Directly blurring the individual channels is a poor option when it is the first thing you try.
It is much better to indirectly filter via a layer set to colour blend or the AB of LAB.
Then, if there are remaining issues in the RGB channels, then direct filtering can be used.
Indirect filtering is easy, free and will affect all the channels at once. Unlike direct filtering it does not destroy detail and it can clean up individual channels like magic.
The only solution I found still left a bit of wave, but not as bad.
I duplicated the layer.
On the top layer, I did a motion blur, straight horizontal.
On the bottom layer, I did a motion blur, straight vertical
I set the layer blend opacity to 50%.
Many thanks to all for your ideas. After much experimentation incorporating various of your suggestions I have come to the conclusion that a variation on my original solution is still yielding the best (though imperfect) results in this particular image. I am still open to new ideas. My current solution is as follows:
1. Create Alpha Channel of Sky (problem area)
2. Duplicate Image
3. Flatten copy of Image
4. Duplicate Layer, apply sky Alpha Channel, inverse selection, clear
5. Resample unconstrained from 5250ppi to 300ppi
6. Add Gaussian Blur 2.0
7. Resample unconstrained in steps (600ppi, 1200ppi, 2400ppi, 4800ppi, 5250ppi) (Check to make sure pixel dimensions are same as original file; they should be and were in my case)

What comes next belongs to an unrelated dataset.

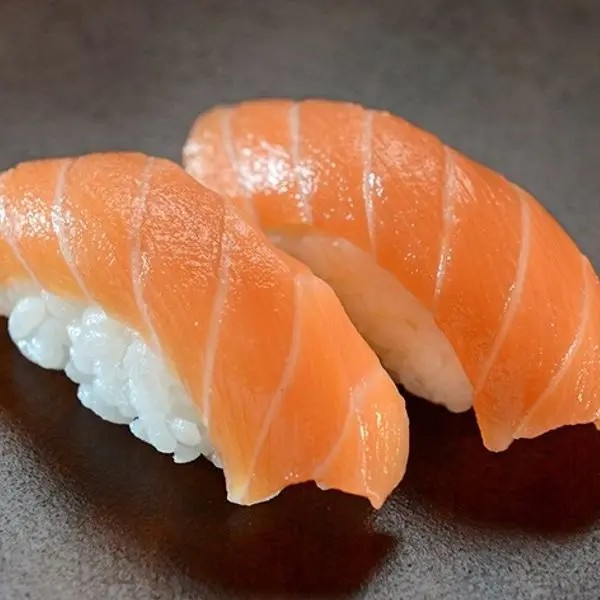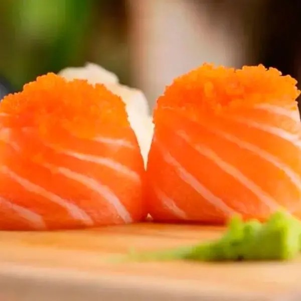 Arroz, com fatia de salmão em cima. Wasabi e gengibre enviamos quantidade padrão. * Shoyu e tare em sache enviamos quantidade padrão.

8. Drag sky Layer from the resampled copy file to the original file
9. Apply sky Alpha Channel to sky layer, inverse selection, clear.
10. Set sky Layer opacity to 80%
I was at an advantage by having the whole image to study in my tests. The crux of the problem was in the pixel dimensions of the blotchiness, this is why I had to post a crop of the image at original size to portray the problem accurately. For those curious, here's a thumbnail of the whole image. Thanks again.
Last edited by kthurner; 01-06-2003 at 04:41 PM.